WHAT THE TASK ASKS: Copy out the whole listing exactly as written, leaving the pictures behind.

SUPPLIED MATERIAL:
===============

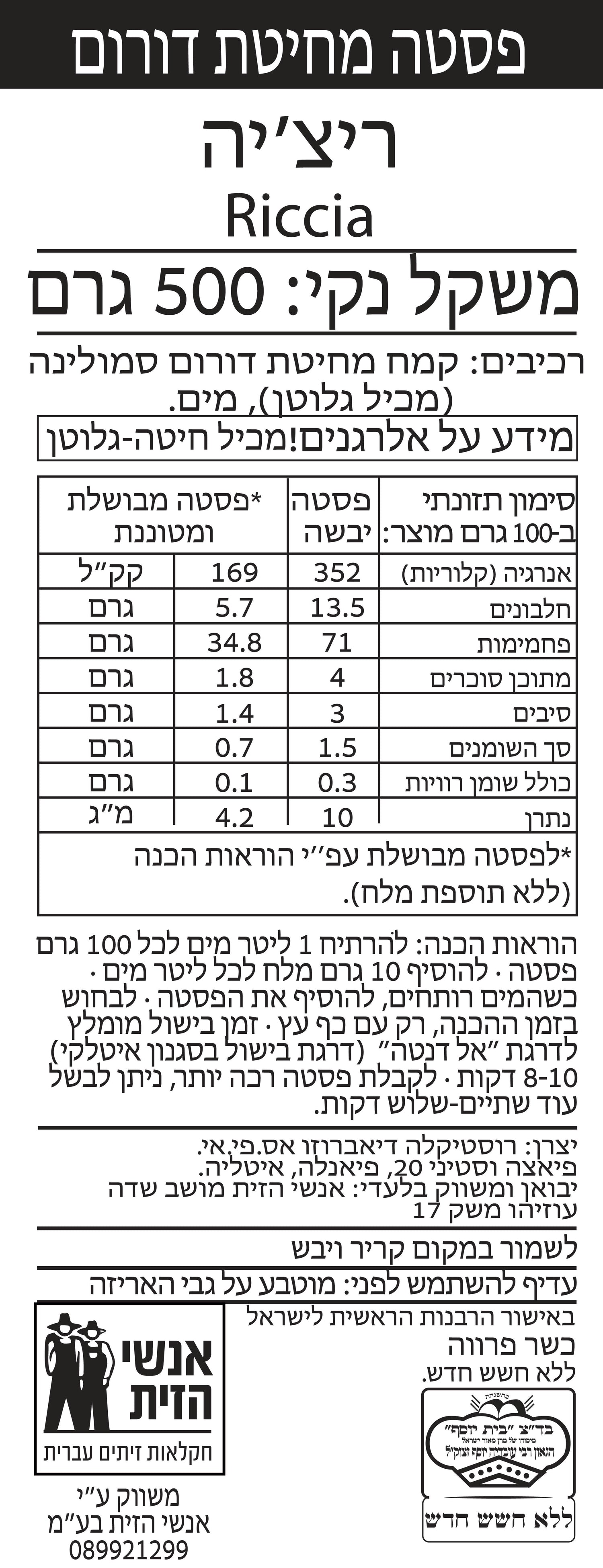 רוסטיקלה- ריצ'יה 500 גרם
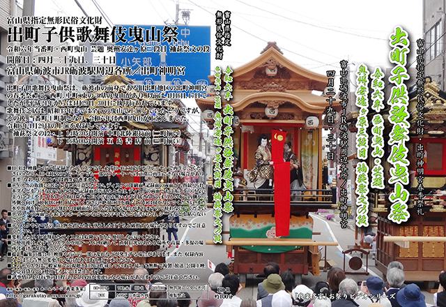 曳山運行時間 初 日 午後2時頃から午後8時頃 二日目 午前3時頃から午前7時頃 午後2時頃から午後8時頃 |
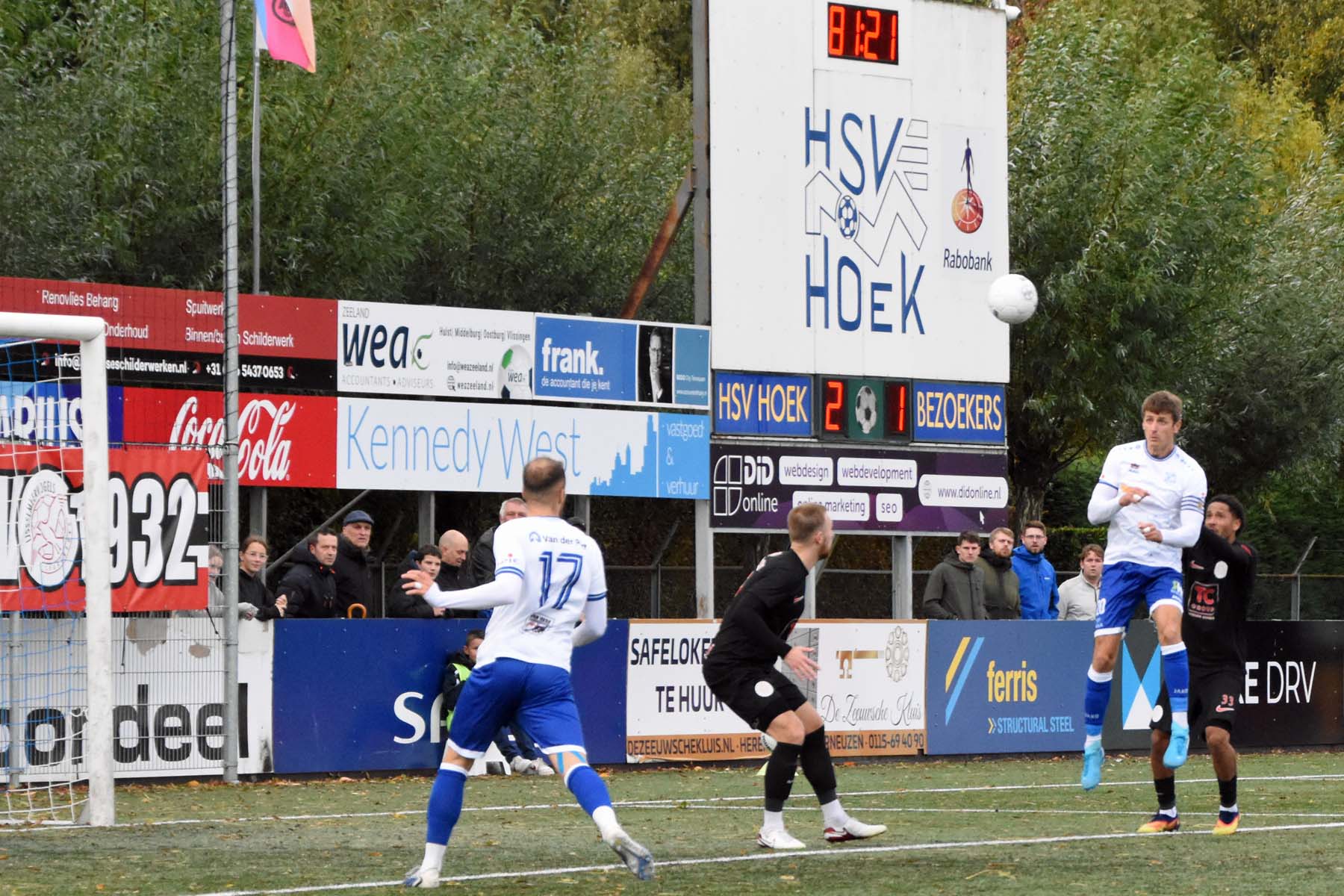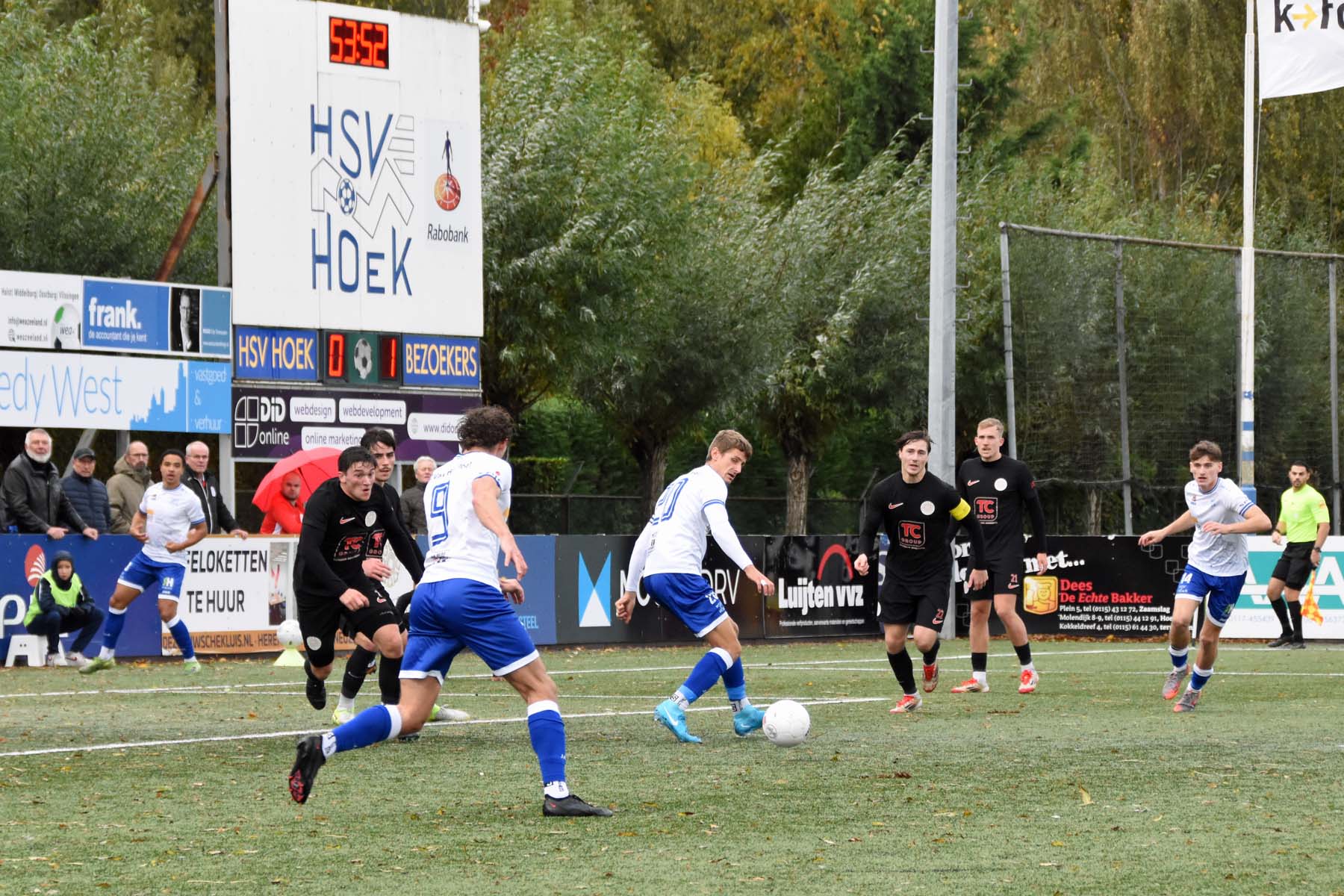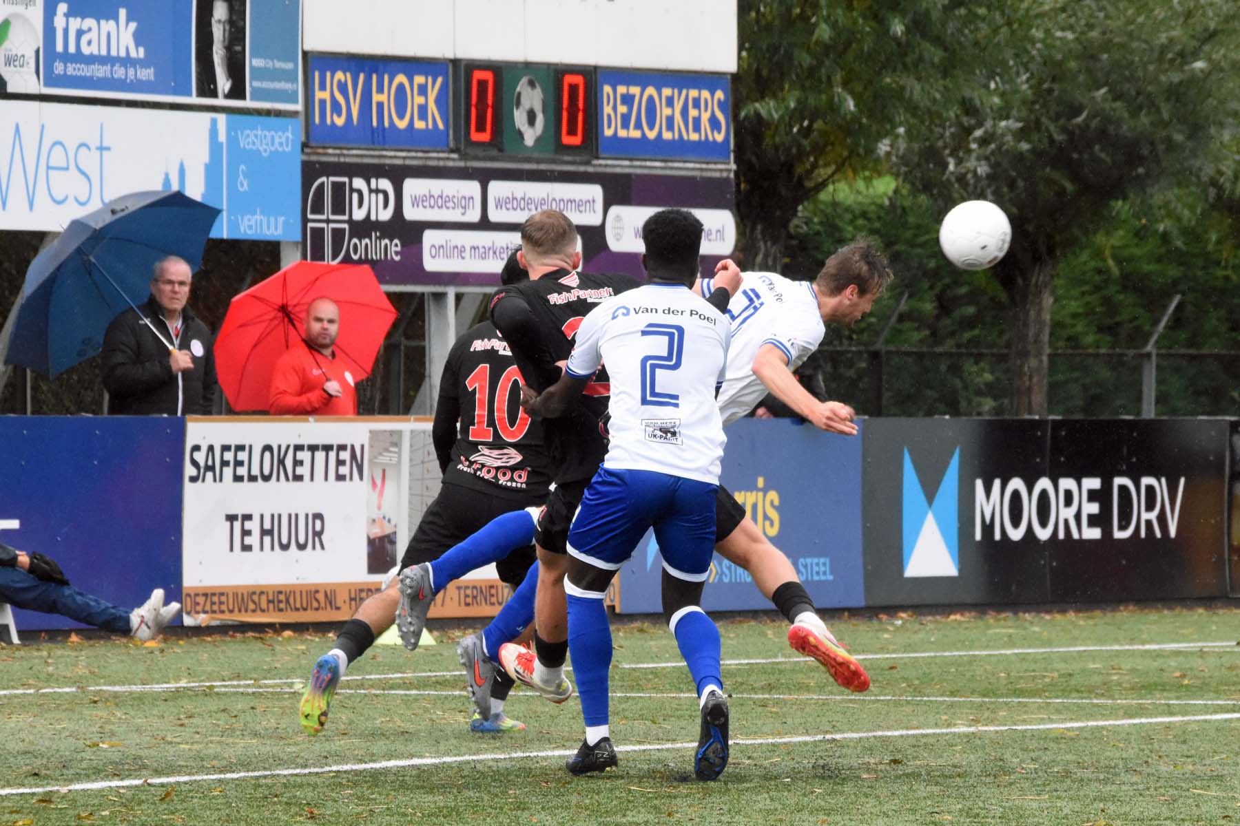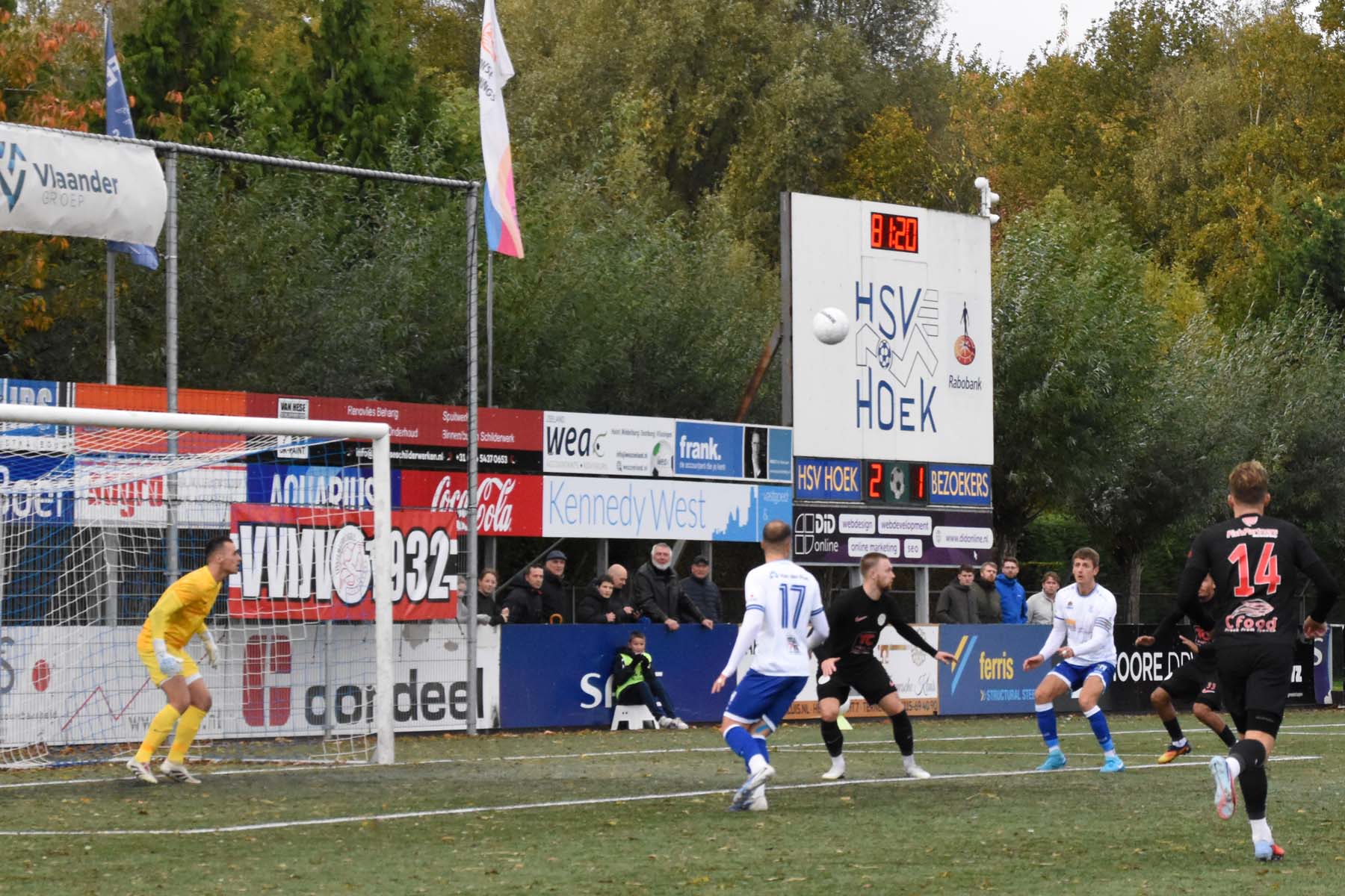 Op een winderig en nat sportpark Denoek boekte Hoek zaterdag een zwaarbevochten, maar verdiende 2-1 overwinning op IJsselmeervogels. Trainer Gérard de Nooijer had gekozen voor een onorthodox strijdplan zonder spits, met captain Steve Schalkwijk en de van een blessure teruggekeerde Din Sula op de bank. De Zeeuws-Vlamingen begonnen met Sylvio Hage en Noah Aelterman op de flanken, met de hoop dat het middenveld kon profiteren van de ruimte voorin. Hoewel Hoek het betere van het spel had en geregeld doorkwam via de zijkanten, leidde het gebrek aan bezetting in de zestien voor rust nauwelijks tot grote kansen. IJsselmeervogels loerde op fouten en sloeg halverwege de eerste helft toe: Max van Hees kopte vallend binnen na slordig verdedigen. Met een 0-1 achterstand ging Hoek rusten, gefrustreerd maar niet verslagen.

===============

RESPONSE TO THE EXERCISE:
 רוסטיקלה- ריצ'יה 500 גרם
 曳山運行時間 初 日 午後2時頃から午後8時頃 二日目 午前3時頃から午前7時頃 午後2時頃から午後8時頃 |
 Op een winderig en nat sportpark Denoek boekte Hoek zaterdag een zwaarbevochten, maar verdiende 2-1 overwinning op IJsselmeervogels. Trainer Gérard de Nooijer had gekozen voor een onorthodox strijdplan zonder spits, met captain Steve Schalkwijk en de van een blessure teruggekeerde Din Sula op de bank. De Zeeuws-Vlamingen begonnen met Sylvio Hage en Noah Aelterman op de flanken, met de hoop dat het middenveld kon profiteren van de ruimte voorin. Hoewel Hoek het betere van het spel had en geregeld doorkwam via de zijkanten, leidde het gebrek aan bezetting in de zestien voor rust nauwelijks tot grote kansen. IJsselmeervogels loerde op fouten en sloeg halverwege de eerste helft toe: Max van Hees kopte vallend binnen na slordig verdedigen. Met een 0-1 achterstand ging Hoek rusten, gefrustreerd maar niet verslagen.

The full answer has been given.